The ESR candidates:
- Must be, at the time of recruitment by the host organisation, in the first four years (full-time equivalent) of their research careers and have not yet been awarded a doctoral degree. This is measured from the date when they obtained the degree which would formally entitle them to embark on a doctorate, either in the country in which the degree was obtained or in the country in which the research training is provided, irrespective of whether or not a doctorate is envisaged.
- For ESR (PhD) positions, at the starting time of the positions the candidates must have completed the courses that would have allowed them to enroll in a doctorate program in the country offering the position.
Mobility rule: At the time of recruitment by the host organisation, the canditates (ESRs and ERs) must not have resided or carried out their main activity (work, studies, etc) in the country of their host organisation for more than 12 months in the 3 years immediately prior to the reference date. Short stays such as holidays and/or compulsory national service are not taken into account.

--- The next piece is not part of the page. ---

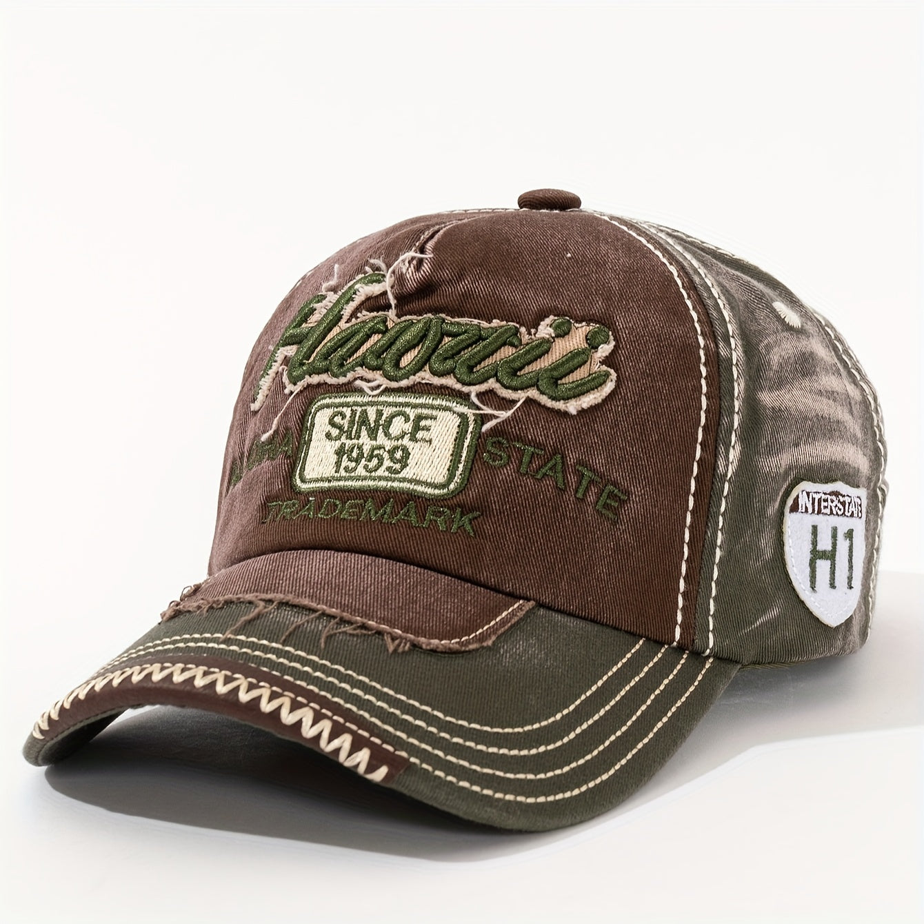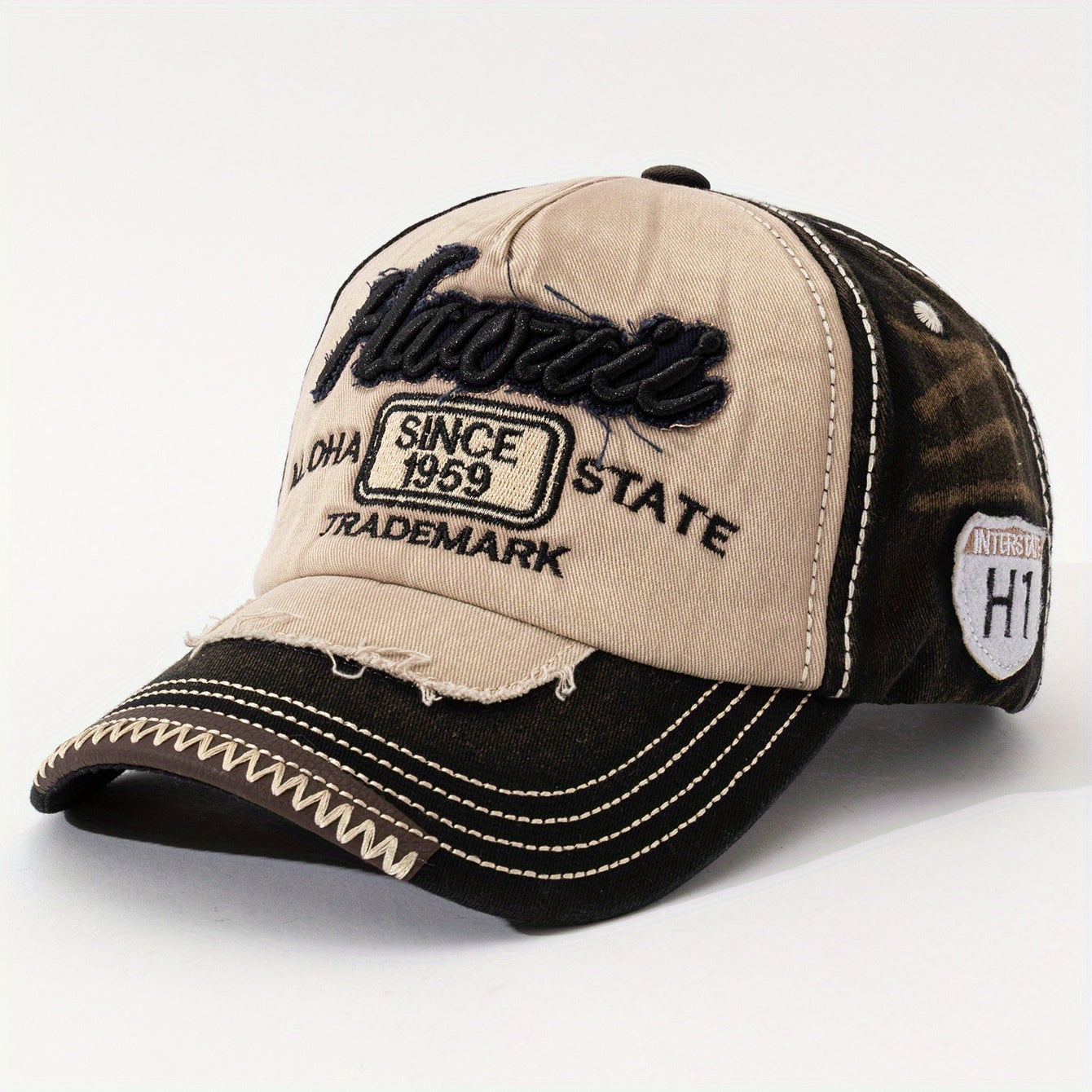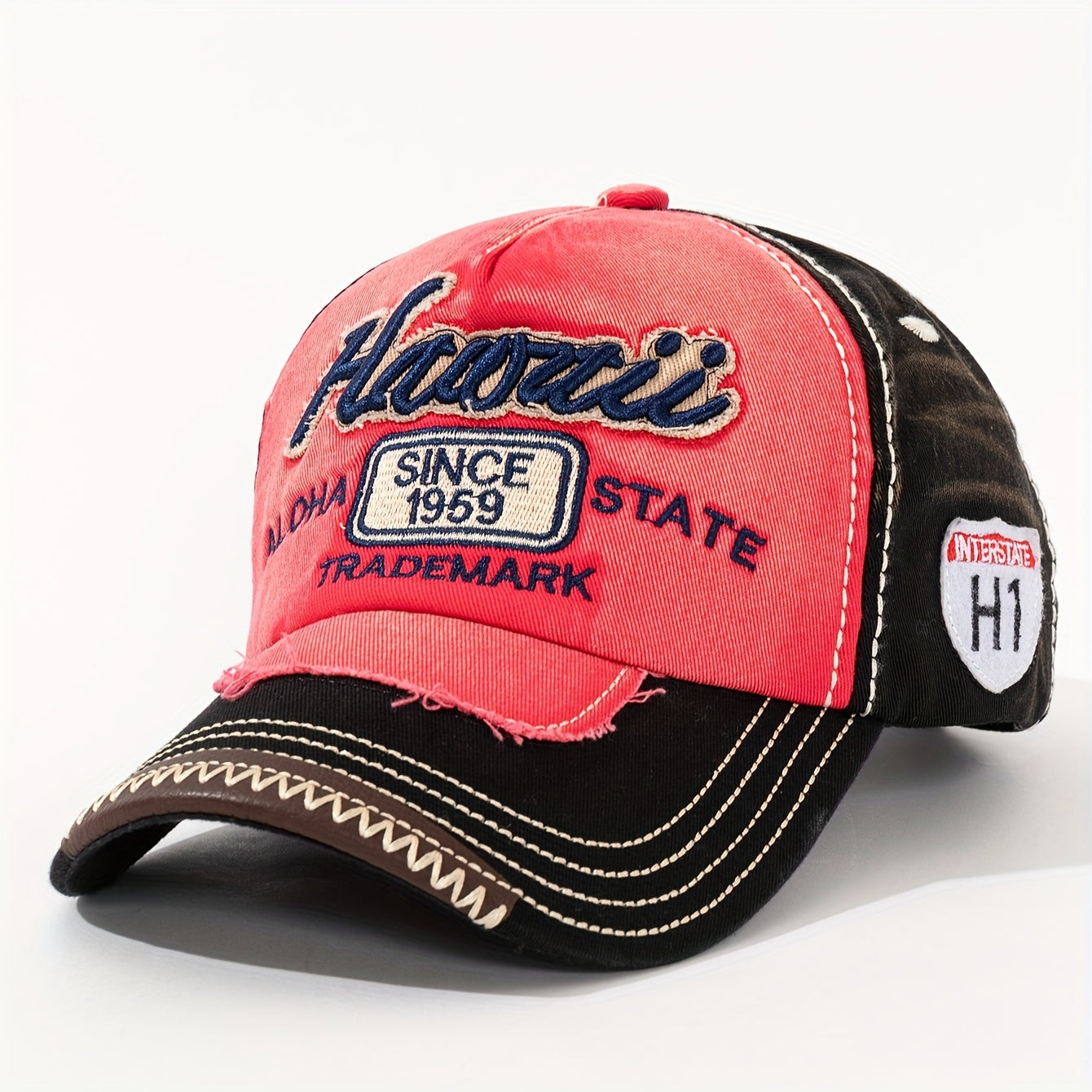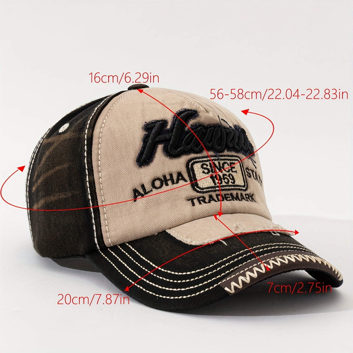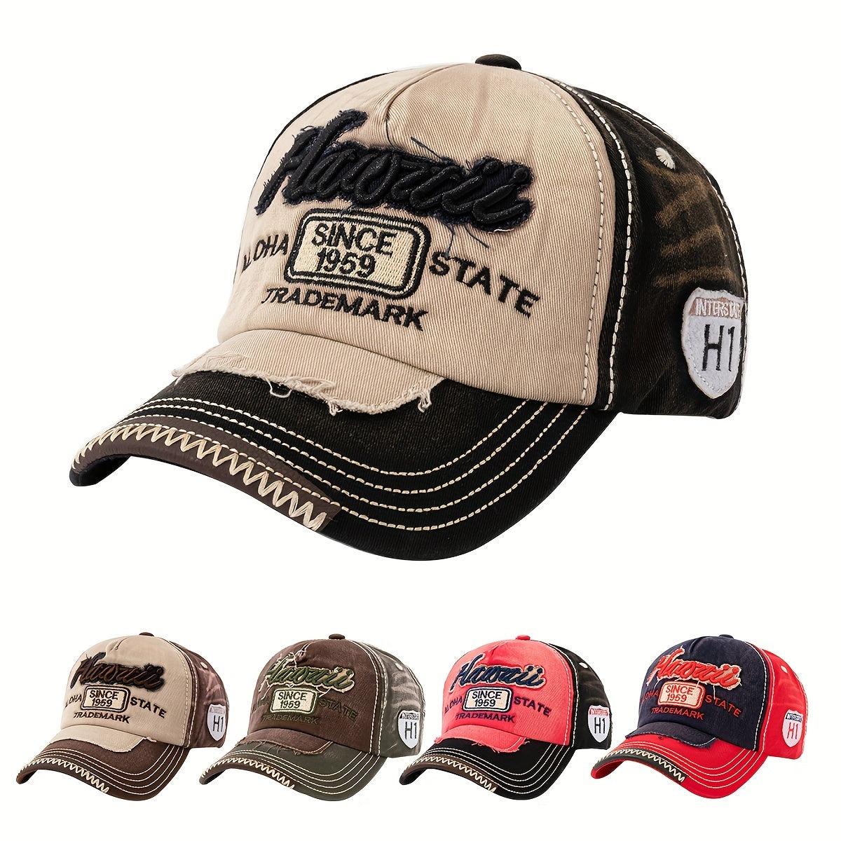 Vintage "Hawaii" Embroidered Baseball Cap - Distressed Two-Tone Design, Breathable Cotton, Adjustable Fit, Casual & Travel Hat (Beige/Black, Brown/Red, Red/White)

The partners are taking the responsibility that the ESR, enrolled as PhD students in their place, will be financed until the completion of their PhD by means if needed of co-financing; the additional needed funds will be provided by the host institution means or by another Insitute in the network or outside the network (co-tutoring) with which the INFIERI host Instituion is collaborating. In France and Italy the PhD duration is 3 years long, while this is 4 years long in Netherlands, Portugal, Spain and UK and many other places in the world. Likewise the minimum duration of 2 years is ensured for the ER positions.
Simultaneous applications to several positions are possible, indicating an order of preference. Some positions may be co-tutored by two nodes; the Host Institutions refers to the responsible node for each position.
Equal opportunity: The Network is pursuying an Equal Opportunity policy, addressing not only gender balance, but also broader issues, such as handicapped researchers, life-work balance, culture diversity and family obligations.